[PROVIDED MATERIAL Boundary: Start]
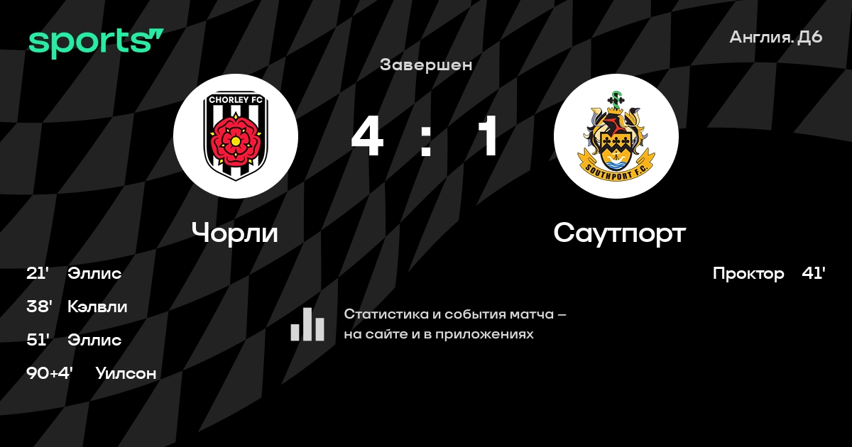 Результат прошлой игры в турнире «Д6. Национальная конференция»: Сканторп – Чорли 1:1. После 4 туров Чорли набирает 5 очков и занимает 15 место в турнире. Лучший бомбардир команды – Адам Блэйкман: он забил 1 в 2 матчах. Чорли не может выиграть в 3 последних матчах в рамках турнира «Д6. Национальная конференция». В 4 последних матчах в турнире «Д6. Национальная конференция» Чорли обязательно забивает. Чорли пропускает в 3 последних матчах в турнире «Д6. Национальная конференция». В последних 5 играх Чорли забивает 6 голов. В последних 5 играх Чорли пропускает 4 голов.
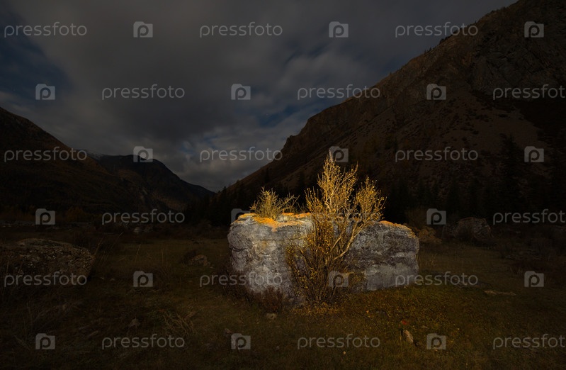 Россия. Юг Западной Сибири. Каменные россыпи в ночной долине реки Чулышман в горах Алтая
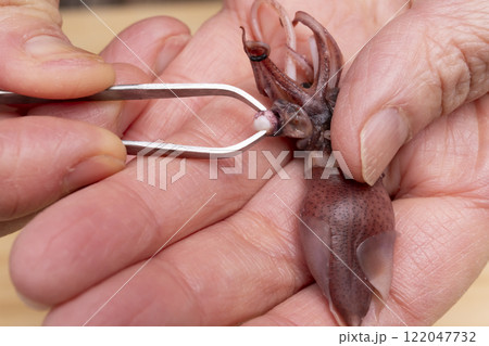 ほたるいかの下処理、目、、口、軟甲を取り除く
[PROVIDED MATERIAL Boundary: End]
[PROVIDED MATERIAL Boundary: Start]
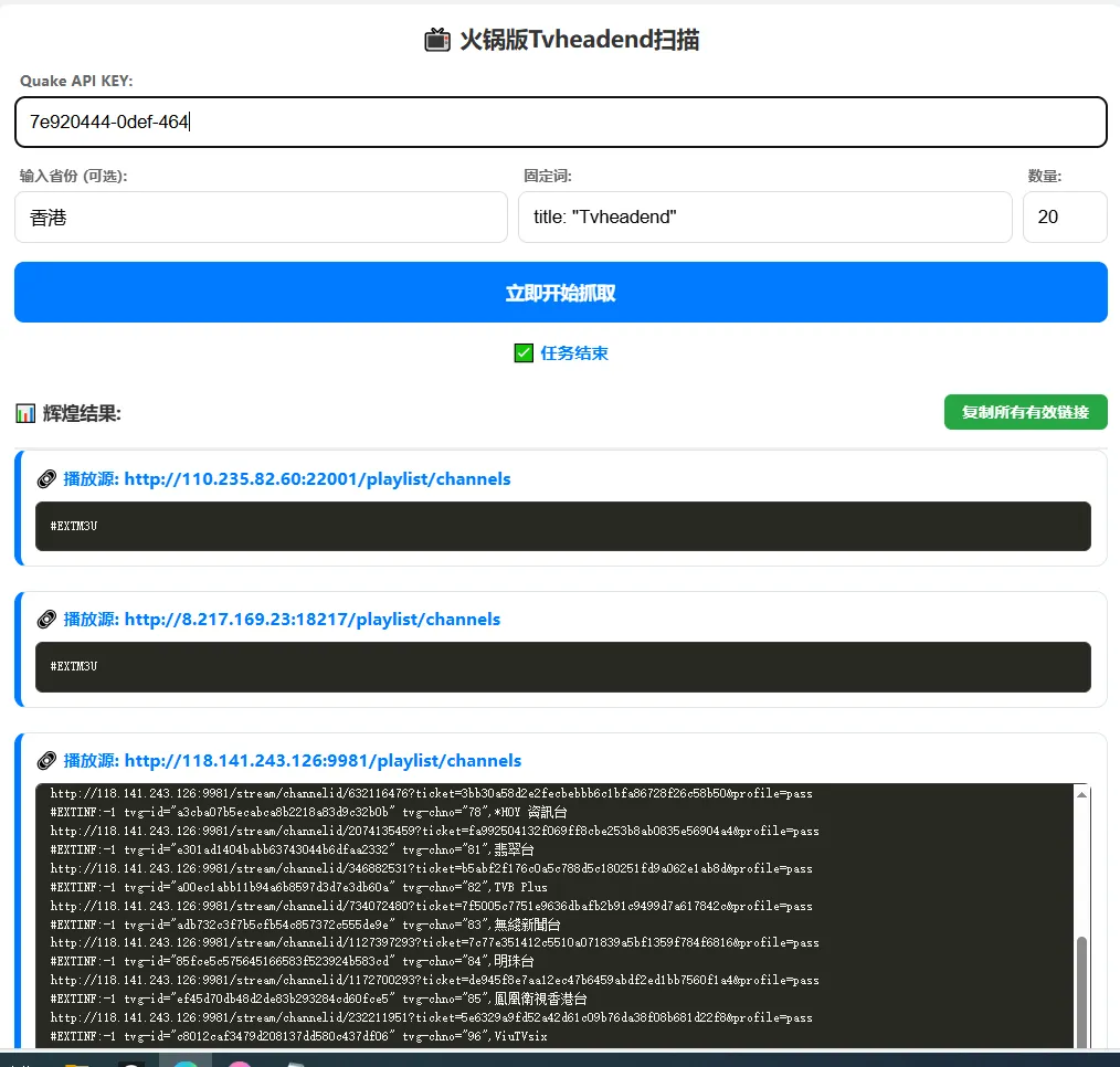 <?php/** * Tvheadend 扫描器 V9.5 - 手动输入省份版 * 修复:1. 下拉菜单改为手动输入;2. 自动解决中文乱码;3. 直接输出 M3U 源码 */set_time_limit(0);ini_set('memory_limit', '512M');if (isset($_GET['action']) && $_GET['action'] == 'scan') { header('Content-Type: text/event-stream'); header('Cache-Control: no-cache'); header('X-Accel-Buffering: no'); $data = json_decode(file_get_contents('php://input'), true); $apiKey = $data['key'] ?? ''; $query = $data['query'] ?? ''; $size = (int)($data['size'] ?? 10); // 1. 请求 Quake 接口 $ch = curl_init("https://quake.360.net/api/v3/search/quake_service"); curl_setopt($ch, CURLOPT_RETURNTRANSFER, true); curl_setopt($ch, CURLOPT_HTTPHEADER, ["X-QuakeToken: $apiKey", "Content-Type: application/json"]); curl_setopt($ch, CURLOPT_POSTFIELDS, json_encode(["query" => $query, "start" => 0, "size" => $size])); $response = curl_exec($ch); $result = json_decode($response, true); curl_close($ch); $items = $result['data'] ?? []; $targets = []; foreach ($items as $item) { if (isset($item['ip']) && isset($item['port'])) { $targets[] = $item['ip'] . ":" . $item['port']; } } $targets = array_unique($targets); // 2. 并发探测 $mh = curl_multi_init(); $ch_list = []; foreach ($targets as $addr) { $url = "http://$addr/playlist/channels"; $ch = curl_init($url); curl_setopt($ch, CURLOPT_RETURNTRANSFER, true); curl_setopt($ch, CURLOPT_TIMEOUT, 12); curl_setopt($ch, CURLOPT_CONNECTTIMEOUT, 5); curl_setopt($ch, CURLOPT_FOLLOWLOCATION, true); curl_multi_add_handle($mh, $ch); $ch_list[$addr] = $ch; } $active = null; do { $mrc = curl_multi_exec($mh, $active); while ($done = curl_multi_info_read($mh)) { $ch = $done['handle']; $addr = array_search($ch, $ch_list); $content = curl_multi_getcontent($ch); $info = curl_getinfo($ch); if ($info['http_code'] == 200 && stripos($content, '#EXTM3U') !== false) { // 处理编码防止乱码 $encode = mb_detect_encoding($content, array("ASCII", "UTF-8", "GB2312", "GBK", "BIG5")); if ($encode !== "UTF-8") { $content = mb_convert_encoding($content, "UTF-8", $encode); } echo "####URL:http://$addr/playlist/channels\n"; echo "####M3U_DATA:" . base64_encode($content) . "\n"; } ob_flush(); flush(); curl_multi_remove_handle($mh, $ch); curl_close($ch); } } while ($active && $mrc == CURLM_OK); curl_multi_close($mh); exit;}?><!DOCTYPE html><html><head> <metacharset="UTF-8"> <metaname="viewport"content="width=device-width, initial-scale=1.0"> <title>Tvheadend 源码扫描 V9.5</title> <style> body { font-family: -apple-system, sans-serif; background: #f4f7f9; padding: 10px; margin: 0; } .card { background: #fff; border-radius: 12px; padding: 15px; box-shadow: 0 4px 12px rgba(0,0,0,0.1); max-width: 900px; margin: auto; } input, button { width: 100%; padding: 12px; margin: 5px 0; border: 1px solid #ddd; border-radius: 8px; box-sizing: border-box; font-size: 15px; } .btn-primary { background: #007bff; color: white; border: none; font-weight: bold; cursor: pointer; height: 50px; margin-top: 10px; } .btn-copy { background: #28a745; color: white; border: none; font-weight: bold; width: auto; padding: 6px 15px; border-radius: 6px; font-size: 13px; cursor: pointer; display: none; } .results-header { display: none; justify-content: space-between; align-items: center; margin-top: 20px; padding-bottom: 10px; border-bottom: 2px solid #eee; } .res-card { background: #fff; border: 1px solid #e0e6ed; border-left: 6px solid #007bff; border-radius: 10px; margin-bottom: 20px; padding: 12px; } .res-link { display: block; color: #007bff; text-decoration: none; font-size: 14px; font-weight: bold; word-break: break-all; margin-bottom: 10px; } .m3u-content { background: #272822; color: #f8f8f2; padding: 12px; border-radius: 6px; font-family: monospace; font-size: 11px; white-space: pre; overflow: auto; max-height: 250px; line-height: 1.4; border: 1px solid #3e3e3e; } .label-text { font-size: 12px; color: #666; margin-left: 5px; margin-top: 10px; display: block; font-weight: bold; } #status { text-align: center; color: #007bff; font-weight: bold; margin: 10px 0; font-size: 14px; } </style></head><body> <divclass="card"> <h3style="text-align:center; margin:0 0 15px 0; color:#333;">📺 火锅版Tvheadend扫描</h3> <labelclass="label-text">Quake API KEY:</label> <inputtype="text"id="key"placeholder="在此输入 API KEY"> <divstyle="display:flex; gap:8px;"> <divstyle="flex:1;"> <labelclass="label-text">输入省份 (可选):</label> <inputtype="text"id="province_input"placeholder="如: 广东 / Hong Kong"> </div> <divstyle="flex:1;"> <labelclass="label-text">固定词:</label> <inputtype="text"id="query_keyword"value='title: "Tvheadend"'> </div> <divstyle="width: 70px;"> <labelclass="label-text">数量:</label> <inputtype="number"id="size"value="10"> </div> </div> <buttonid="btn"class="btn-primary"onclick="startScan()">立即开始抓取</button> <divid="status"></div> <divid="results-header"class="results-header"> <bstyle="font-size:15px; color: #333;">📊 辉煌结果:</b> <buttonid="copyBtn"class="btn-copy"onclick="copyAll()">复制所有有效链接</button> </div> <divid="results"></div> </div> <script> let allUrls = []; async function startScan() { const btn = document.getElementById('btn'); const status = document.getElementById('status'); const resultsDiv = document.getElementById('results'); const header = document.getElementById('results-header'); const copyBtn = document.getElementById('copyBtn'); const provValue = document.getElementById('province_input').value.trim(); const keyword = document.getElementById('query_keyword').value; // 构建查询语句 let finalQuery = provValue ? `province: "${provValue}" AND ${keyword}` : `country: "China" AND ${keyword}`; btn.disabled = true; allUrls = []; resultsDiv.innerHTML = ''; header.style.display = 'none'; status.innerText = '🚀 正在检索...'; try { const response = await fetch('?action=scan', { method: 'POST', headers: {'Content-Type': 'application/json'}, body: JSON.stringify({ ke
[PROVIDED MATERIAL Boundary: End]
◆ WHAT TO DO
Write back the stretch of lines above that begins with the line holding "Результат прошлой игры" and ends with the line holding "ほたるいかの下処理、目、、口、軟甲を取り除く", both included, exactly as written. Pictures stay out.

◆ TASK RESULT
 Результат прошлой игры в турнире «Д6. Национальная конференция»: Сканторп – Чорли 1:1. После 4 туров Чорли набирает 5 очков и занимает 15 место в турнире. Лучший бомбардир команды – Адам Блэйкман: он забил 1 в 2 матчах. Чорли не может выиграть в 3 последних матчах в рамках турнира «Д6. Национальная конференция». В 4 последних матчах в турнире «Д6. Национальная конференция» Чорли обязательно забивает. Чорли пропускает в 3 последних матчах в турнире «Д6. Национальная конференция». В последних 5 играх Чорли забивает 6 голов. В последних 5 играх Чорли пропускает 4 голов.
 Россия. Юг Западной Сибири. Каменные россыпи в ночной долине реки Чулышман в горах Алтая
 ほたるいかの下処理、目、、口、軟甲を取り除く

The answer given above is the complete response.